|
From: | Jambunathan K |
Subject: | Re: [O] bug in odt export via mathml of equations containing '&' |
Date: | Wed, 09 Nov 2011 02:47:36 +0530 |
User-agent: | Gnus/5.13 (Gnus v5.13) Emacs/24.0.91 (windows-nt) |
Hello Myles The example that you have cited encounters issues on every step along the way - plastex, mathtoweb and odt. I have tried my best to be useful here. I sincerely appreciate you exercising the LaTeX to MathML conversion facilities included in Org. I hope we get robust LaTeX->MathML converters *ultimately*. I see that there is plenty of scope for the LaTeX to MathML converters to improve and mature. This is going to be a long mail. Read on.
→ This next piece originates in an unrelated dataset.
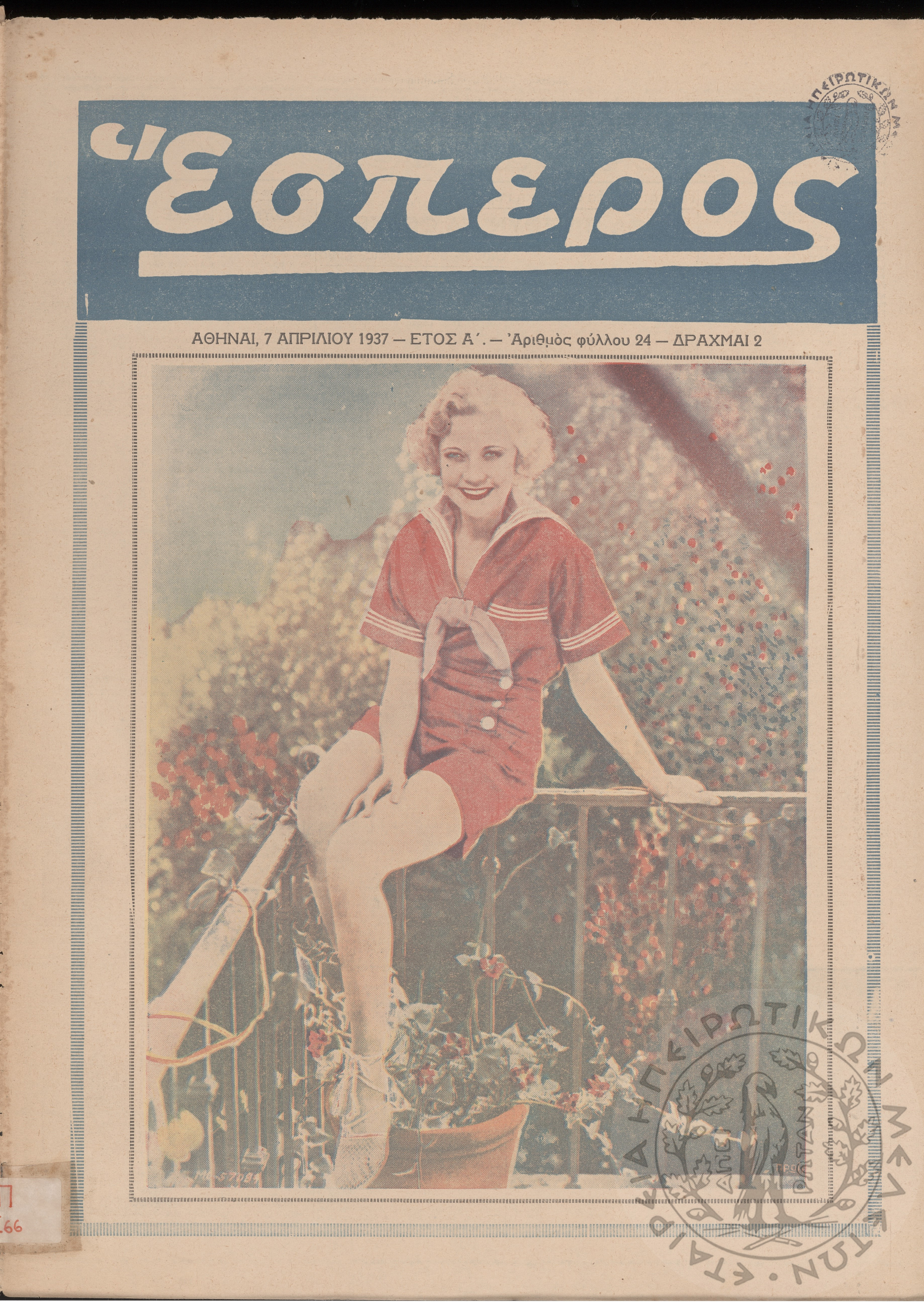 Έσπερος: το μεγαλύτερον εβδομαδιαίον εικονογραφημένον φιλολογικόν και εγκυκλοπαιδικόν περιοδικόν, τεύχ. 24Έτος Α΄, τεύχ. 24...

#+TITLE: improvements.org #+AUTHOR: Jambunathan K #+EMAIL: address@hidden #+DATE: 2011-11-09 Wed #+DESCRIPTION: #+KEYWORDS: #+LANGUAGE: en #+OPTIONS: H:3 num:t toc:t \n:nil @:t ::t |:t ^:t -:t f:t *:t <:t #+OPTIONS: TeX:t LaTeX:t skip:nil d:nil todo:t pri:nil tags:not-in-toc #+EXPORT_SELECT_TAGS: export #+EXPORT_EXCLUDE_TAGS: noexport #+LINK_UP: #+LINK_HOME: #+XSLT: * Improvements to LaTeX->MathML handling in ODF exporter Firstly, I felt a need for some support infrastructure for working with LaTeX fragments in the ODT exporter. I am listing few things that I have added since our last interaction: 1. Dvipng images & Math formulae created from LaTeX fragments will now have the LaTeX fragment as metadata. i.e., In LibreOffice you can see the LaTeX source by Image/Equation->Right Click->Description 2. New interactive commands - M-x org-export-as-odf and M-x org-export-as-odf-and-open. With these commands you can mark a latex fragment and export it as a odf - OpenDocument formula - document. The MathML source will be available as part of kill ring after the export. (See the docstrings) 3. Embed OpenDocument formula within the exported document by providing a link to *.mathml or *.odf file as below. #+CAPTION: cases with MathJaX [[./mathjax-cases.odf]] A link with neither caption or nor label will formatted inline type while one either or both of these attributes will be formatted as display.
> If an org file contains a latex equation with a '&' in it then when it is > exported to odt it makes dodgy xml. Unzipping the odt, opening the > content.xml and doing M-x rng-first-error gives the message: > > `&' that is not markup must be entered as `&' > > To reproduce, insert this: > > \begin{equation} > \delta_{mn} = > \begin{cases} > 1& \text{if $n=m$}\\ > 0& \text{if $n\nem$} > \end{cases} > \end{equation} > > (which I got from here > http://www.mathtoweb.com/cgi-bin/mathtoweb_users_guide.pl , search for > 'cases') > > into the file math-to-web-with-plastex.org in this post: > http://permalink.gmane.org/gmane.emacs.orgmode/48815 and export as per > instructions. > > There may be a similar error with equations containing '<', '>'.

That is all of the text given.